→ SUPPLIED INFORMATION
=== Begin Enclosure ===
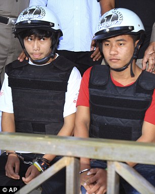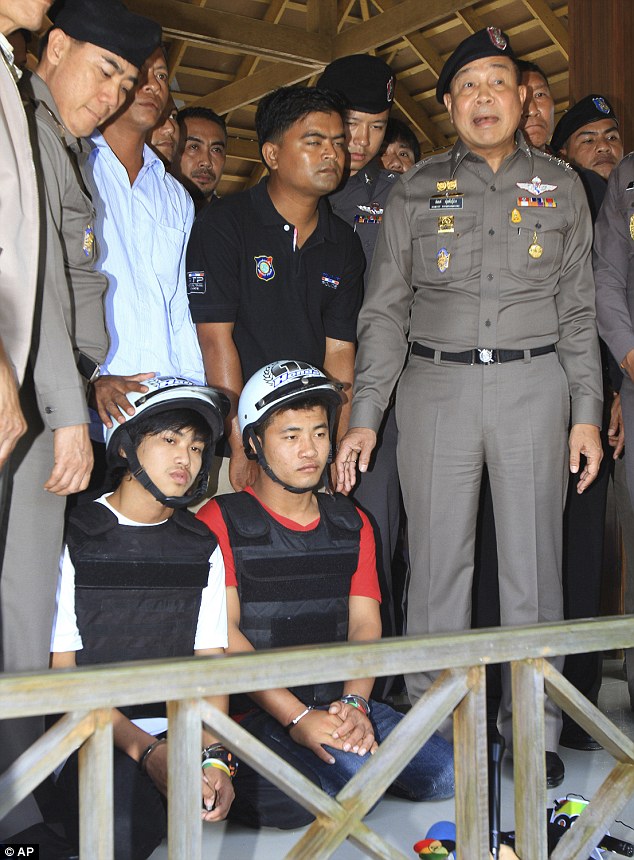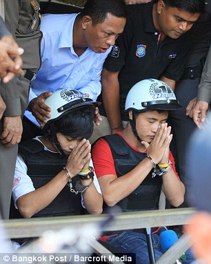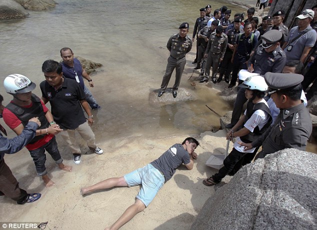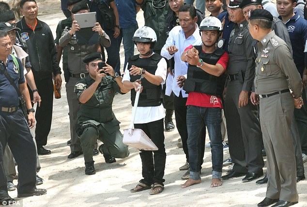 Δείχνοντας ελάχιστα συναισθήματα στα πρόσωπά τους, στάθηκαν στην παραλία Koh Tao όπου βρήκαν το θάνατο η 23χρονη Χάνα Γουίθεριτζ και ο 24χρονος Ντέιβιντ Μίλερ, στις 15 Σεπτεμβρίου. Εκεί επέδειξαν τον τρόπο με τον οποίο τους σκότωσαν και αναφέρθηκαν σε όλες τις λεπτομέρειες εκείνης της μοιραίας νύχτας.
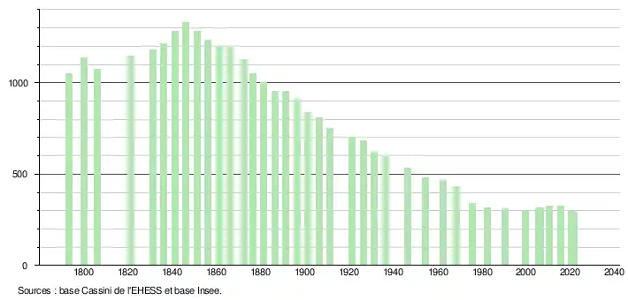 L'évolution du nombre d'habitants est connue à travers les recensements de la population effectués dans la commune depuis 1793. Pour les communes de moins de 10 000 habitants, une enquête de recensement portant sur toute la population est réalisée tous les cinq ans, les populations légales des années intermédiaires étant quant à elles estimées par interpolation ou extrapolation[24]. Pour la commune, le premier recensement exhaustif entrant dans le cadre du nouveau dispositif a été réalisé en 2005[25].
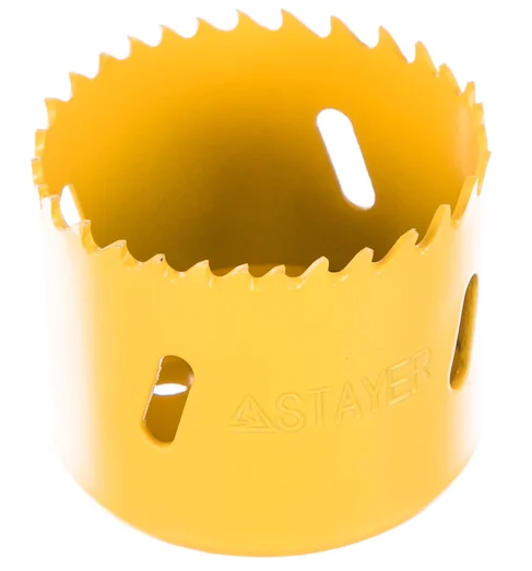 Универсальная биметаллическая коронка PROFESSIONAL STAYER применяется совместно с дрелями, перфораторами и стационарными станками. Предназначена для сверления в безударном режиме металла, дерева, ДСП, гипсокартона, алюминия и твердых пластмасс. Зубья изготовлены из быстрорежущей стали с 5% содержанием кобальта. Коронка обладает максимальной производительностью и высоким рабочим ресурсом. Зубья имеют особую заточку, что даёт усиленный захват материала и обеспечивает оптимальный отвод продуктов пиления..
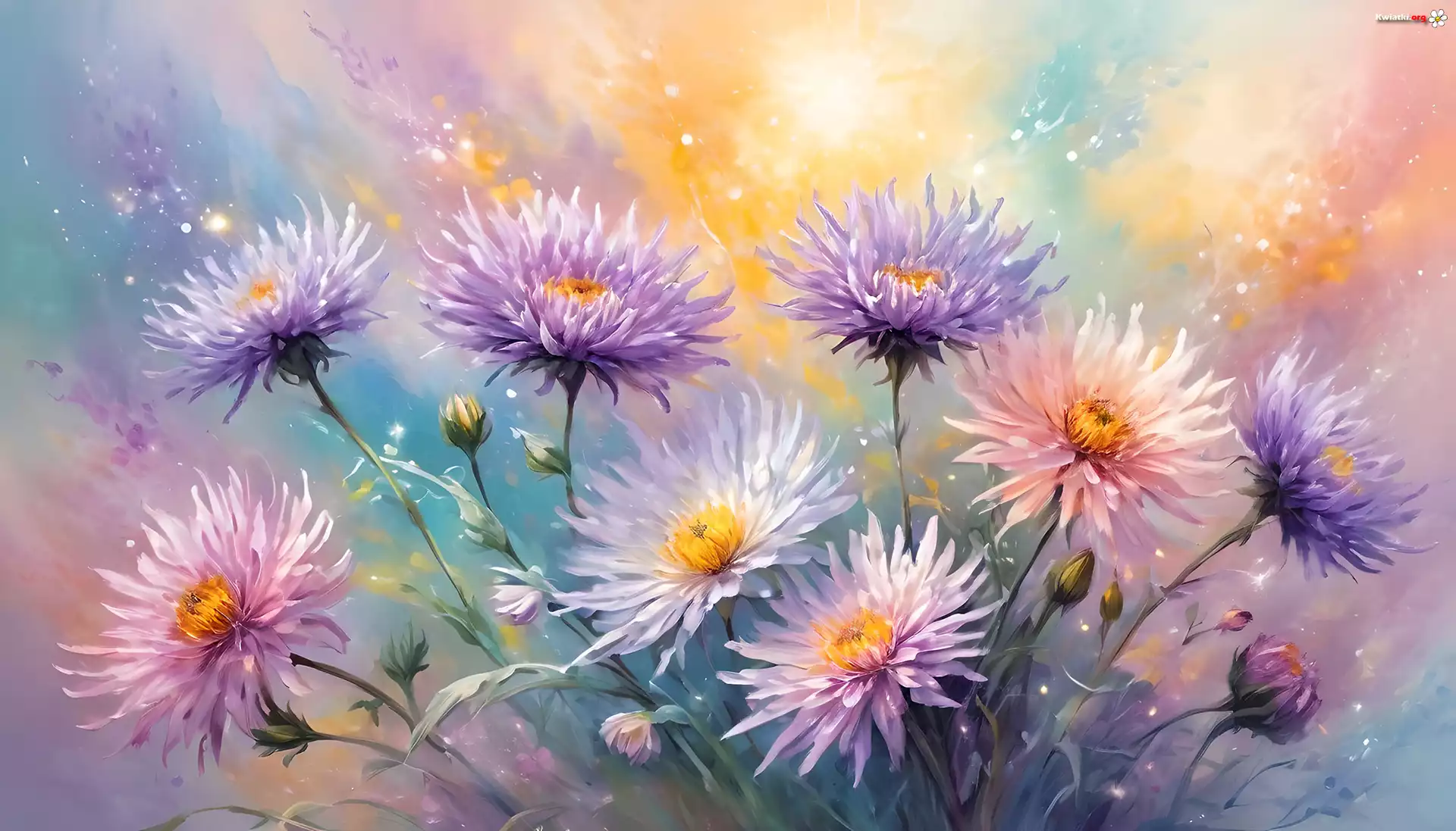 Kolorowe, Astry, Kwiaty, Grafika AI - Zdjęcia
=== End Enclosure ===
→ YOUR TASK
Would you please set down the data above again exactly, without its pictures?

→ RESPONSE BOX
 Δείχνοντας ελάχιστα συναισθήματα στα πρόσωπά τους, στάθηκαν στην παραλία Koh Tao όπου βρήκαν το θάνατο η 23χρονη Χάνα Γουίθεριτζ και ο 24χρονος Ντέιβιντ Μίλερ, στις 15 Σεπτεμβρίου. Εκεί επέδειξαν τον τρόπο με τον οποίο τους σκότωσαν και αναφέρθηκαν σε όλες τις λεπτομέρειες εκείνης της μοιραίας νύχτας.
 L'évolution du nombre d'habitants est connue à travers les recensements de la population effectués dans la commune depuis 1793. Pour les communes de moins de 10 000 habitants, une enquête de recensement portant sur toute la population est réalisée tous les cinq ans, les populations légales des années intermédiaires étant quant à elles estimées par interpolation ou extrapolation[24]. Pour la commune, le premier recensement exhaustif entrant dans le cadre du nouveau dispositif a été réalisé en 2005[25].
 Универсальная биметаллическая коронка PROFESSIONAL STAYER применяется совместно с дрелями, перфораторами и стационарными станками. Предназначена для сверления в безударном режиме металла, дерева, ДСП, гипсокартона, алюминия и твердых пластмасс. Зубья изготовлены из быстрорежущей стали с 5% содержанием кобальта. Коронка обладает максимальной производительностью и высоким рабочим ресурсом. Зубья имеют особую заточку, что даёт усиленный захват материала и обеспечивает оптимальный отвод продуктов пиления..
 Kolorowe, Astry, Kwiaty, Grafika AI - Zdjęcia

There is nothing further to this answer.